Definition of done (a product is "at the finish line" when)

  1. One cycle, one entry. A single run<Product>ImprovementCycle() composes the substrate; the old eval/improvement systems are deleted, not coexisting.
  2. Matrix eval is real. dispatch runs genuine multi-shot persona↔agent flows with real tools — not single-turn projections, not stubbed workers (non-zero token usage is asserted).
  3. The dataset is fed. Every cell captures to LabeledScenarioStore with correct provenance; production failures flow back in as scenarios.
  4. Improvement is code-real. The agentic generator produces worktree changes (prompt/tools/code), measured on holdout — not just addendum-string mutation.
  5. The gate is honest. Composed defaultProductionGate + domain gates + overfit-gap; fails closed; holdout never overlaps train.
  6. Promotion is a PR. openAutoPr opens it; a human approves; nothing auto-deploys.
  7. It's scheduled + triggered. Runs on cadence and/or when the analyst report crosses severity; autonomous between approvals.
  8. Tests + a real proof run.

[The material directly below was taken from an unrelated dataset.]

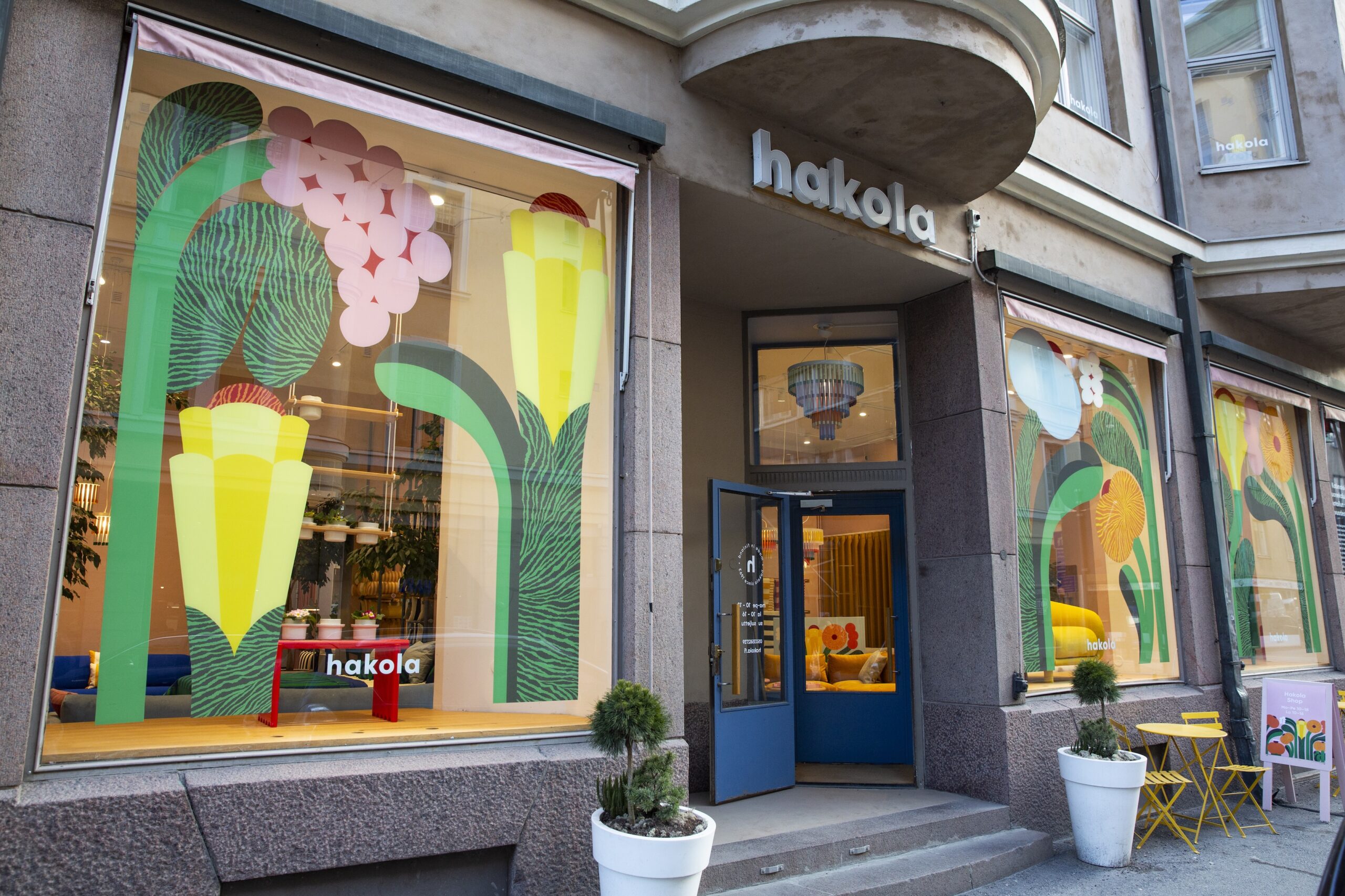 - Eija Vehviläisen suunnittelemat ikkunateippaukset Hakolan näyteikkunassa vuonna 2025. Valokuva: Aino Huotari.
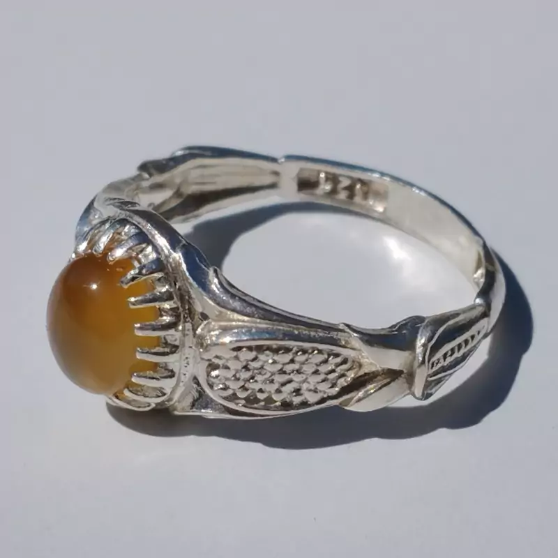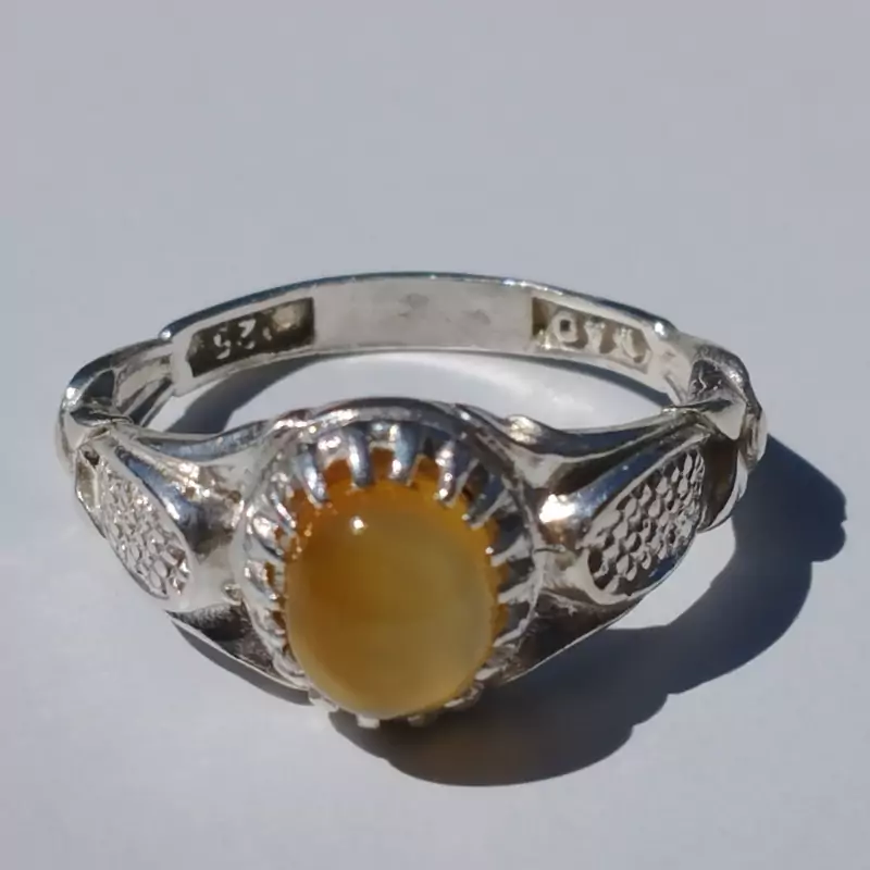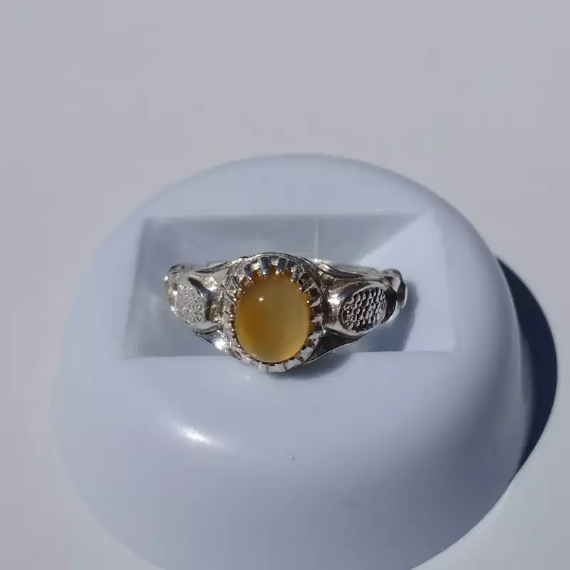 فرم نقره عیار ۹۲۵ عقیق زرد شرف الشمس عقیق صددرصد طبیعی و معدنی میباشد در صورت تمایل ضمانت نامه مکتوب برای اصالت جنس و رنگ عقیق صادر میشود تضمین میکنیم که عقیق وارداتی،ازمایشگاهی،شیشه و .... نبوده بلکه عقیق طبیعی و معدنی است و رنگ آن نیز طبیعی است(مانند بسیاری از عقیق های بازار رنگ نگین تزریقی نیست) تراش نگین توسط هنرمندان مجموعه تولیدی درسیم انجام گرفته است

Contract tests assert the wiring; one real end-to-end cycle produces a scorecard and (on a shipping gate) a PR.

Anything short of this is mid-migration, not done.


gtm-agent — the worked instantiation (first reference build)

Loop step gtm wiring
SAMPLE profile variants of OPERATOR_CEO_SYSTEM_PROMPT + addendum; GTM_LOOP_HOLDOUT_SCENARIOS + eval/business-owner/personas.json; production failures from the trace store
MEASURE dispatch = runMultishot(persona ↔ gtm-agent via runChatThroughRuntime, real tools); judges = the 3-model ensemble (attribution_honesty, proposal_grounding) + canonical 12-dim
ANALYZE trace analysts over the campaign traces → report (supersedes FailureClusterConfig clustering)
IMPROVE improvementDriver + agenticGenerator (claude harness) edits prompt/tools/code in a worktree, fed the report
GATE composeGate(defaultProductionGate, antiFabricationGate, overfitGapGate)
PROMOTE openAutoPr → PR against tangle-network/gtm-agent

Deleted: eval/run-prompt-evolution.ts, eval/analyst-loop.ts, eval/optimization-campaign.ts, scripts/evals/*, the orchestration body of production-loop/index.ts and eval/canonical.ts. Kept: scenarios, personas, judges, tools, deterministic checks, the composeProductionLoopSystemPrompt wiring. Result: one runGtmImprovementCycle(); ~3–4k LOC of scattered orchestration gone, replaced by a substrate composition.

This gtm build is the reference the other six products copy.